Recipe by lindseylcw
Read all your wonderful crab cake recipes and they inspired me to make this - I liked it and my DH loved it, a Scottish take on an American favourite.
Top Review by Andi of Longmeadow Farm
I am giving this a 5 star based on the previous reviewers addition in using approximately 12 ounces for fresh crab meat, whether claw meat, lump, jumbo lump, I prefer to use Maryland Blue Crab, but I am lucky as I live in Maryland. I loved the use of lime zest, scallions, white bread, mayonnaise (Dukes) and the green curry paste. This was delicious, and a egg would be a good addition as well to keep the patties together. I let mine sit on waxed paper for approximately 3 hours. I sauteed' in some canola oil (1 tablespoon) with 1/2 tablespoon of butter added. Put on a saltine cracker and a nice coleslaw salad. Yummy! Great, great and I thank you lindseylcw! Made for *Everyday is a Holiday* February 2009.

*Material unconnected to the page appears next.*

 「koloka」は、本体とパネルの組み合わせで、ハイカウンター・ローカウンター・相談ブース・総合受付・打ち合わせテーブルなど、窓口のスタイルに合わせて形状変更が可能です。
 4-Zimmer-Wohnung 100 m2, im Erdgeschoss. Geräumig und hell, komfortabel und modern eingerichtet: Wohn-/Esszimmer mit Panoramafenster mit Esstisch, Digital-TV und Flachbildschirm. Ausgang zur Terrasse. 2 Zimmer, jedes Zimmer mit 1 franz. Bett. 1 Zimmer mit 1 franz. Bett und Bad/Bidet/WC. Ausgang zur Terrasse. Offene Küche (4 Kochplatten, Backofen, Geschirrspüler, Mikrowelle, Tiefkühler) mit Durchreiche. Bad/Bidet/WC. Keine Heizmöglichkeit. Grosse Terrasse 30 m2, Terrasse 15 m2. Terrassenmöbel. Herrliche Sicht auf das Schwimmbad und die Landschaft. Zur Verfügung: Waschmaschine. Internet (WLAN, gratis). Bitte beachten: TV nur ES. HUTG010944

- 4 large crab claws (the meat from)
- 2 slices multigrain brown bread, crumbed
- 2 -3 scallions, finely slice (spring onions)
- 1 lime, zest of, grated
- fresh ground black pepper (good amount)
- 1⁄3 lime, juice of
- 1⁄3 cup mayonnaise
- 1⁄4-1⁄2 teaspoon thai green curry paste
- lime slice
Directions See How It's Made
- Mix all ingredients gently together and form into cakes of required size,.

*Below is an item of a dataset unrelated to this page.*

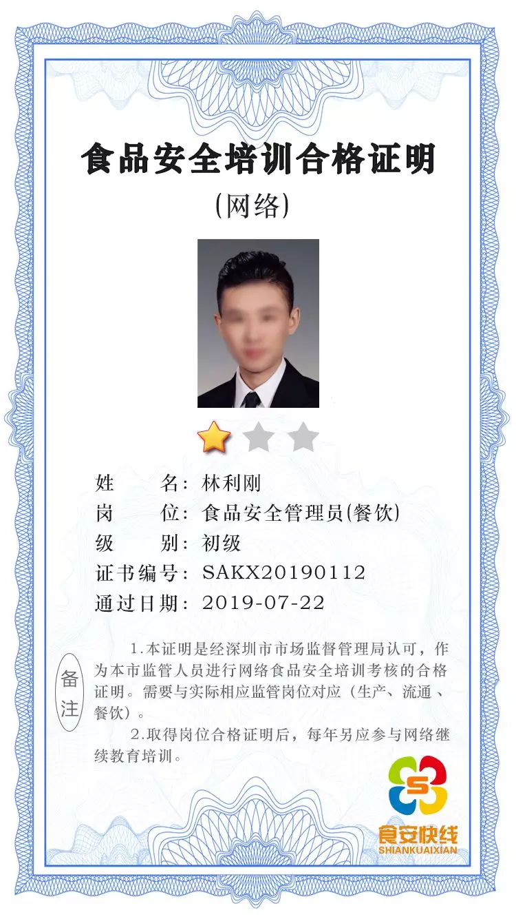 首先:食品安全管理員應(yīng)取得崗位“培訓(xùn)合格證明”;

- chill well for at least 1 hour (if in hurry put in freezer for 10 mins).
- Shallow fry in vegetable or corn oil until golden - don't worry if too soft to turn just baste with hot oil.
- Serve on bed of rocket leaves (dressed in lemon olive oil if liked but I think bitter salad leaves are important to offset richness) with small bowl of Thai sweet chile sauce - bon apetit.